Mar. 21st, 2008


[info]at_mods

Setting: Boston in After Tomorrow

When the rift opened at MIT on January 10, 2009, Boston and its suburbs were quickly evacuated. This proved fortunate, for when the rift accelerated global warming and the polar ice caps began to melt, much of Boston was flooded. The storms that followed caused even more destruction, virtually leveling the downtown area and collapsing the subway system. The John Hancock Tower and the Prudential Center, which dominated Boston's skyline, both toppled. The Museum of Science and the Aquarium were swallowed by the waters, as was part of Boston Garden. When the waters receded, Boston Commons and the Public Gardens grew at an incredible rate, overrunning their boundaries and turning the area into a virtual wilderness.

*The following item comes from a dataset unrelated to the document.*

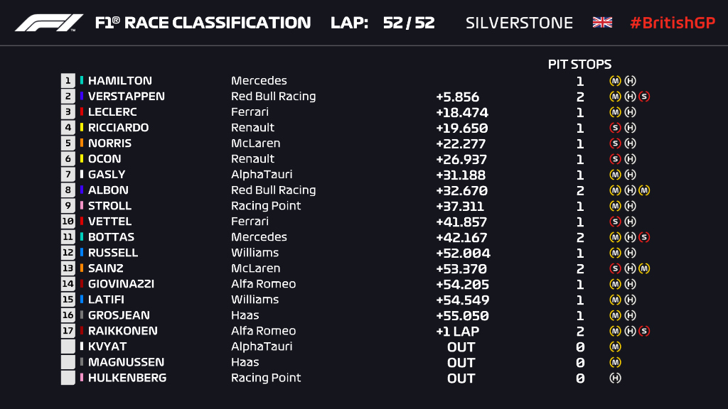 Spanjolli i McLaren fatkeqësisht del jashtë zonës së pikëve, po ashtu si Bottas, por Hamilton bën mrekullinë dhe e çon makinën me 3 goma në finish duke e fituar garën. Frika nga problemi i gomave, bëri që Red Bull të thërrasë Verstappen në pit-stop për ti ndërruar ato. Por ky moment i kushtoi fitoren, sepse po te mos ishte futur ne boxe, ai do e kishte arritur Hamilton dhe do ta kishte parakaluar gjate kohës që ai po xhironte me 3 goma.

The few people that remained in Boston by this point vanished as the portals opened, leaving the city empty -- until the portals reopened and transported new people to the area. The floods and storms had left the city devastated. Major roadways were collapsed or blocked by rubble, cutting of parts of the city from each other.

There are three major areas where people have gathered, largely depending on where the portals deposited them. Special teams from the United States and Britain were sent to Boston as well, congregating at MIT, ground zero of the disaster.

MIT
The Massachusetts Institute of Technology rests on the banks of the Charles River, but the force of the rift kept the campus from being flooded entirely by the rising waters. Subsequent storms and blizzards did some damage, however, but most buildings remain habitable. Memorial Drive and the Harvard Bridge were lost to the storms and floods. The third and fourth floors of the Green Center for Physics were destroyed when the rift opened, and the nearby buildings suffered structural damage as well.

UMass Boston
The University of Massachusetts Boston suffered considerably more damage from the flooding, but once the waters receded, some buildings were still left standing. The Campus Center, Wheatley Hall, and the JFK Museum are all submerged. The top floors of the Science Center and Healey Library are relatively intact, and while the Columbia-Harbor Point Apartment Housing Complex suffered a great deal of water damage, the apartments are mostly habitable.

The Back Bay Fens/Northeastern University
The Back Bay area was largely built on a landfill. Further inland than MIT or UMass, it did not suffer nearly as much flooding damage, but a good deal of the landfill collapsed, destroying buildings and making roads impassable. The Museum of Fine Arts still stands, but the Longwood Medical Center is in ruins, collapsed into salty marshes. The YMCA remains habitable.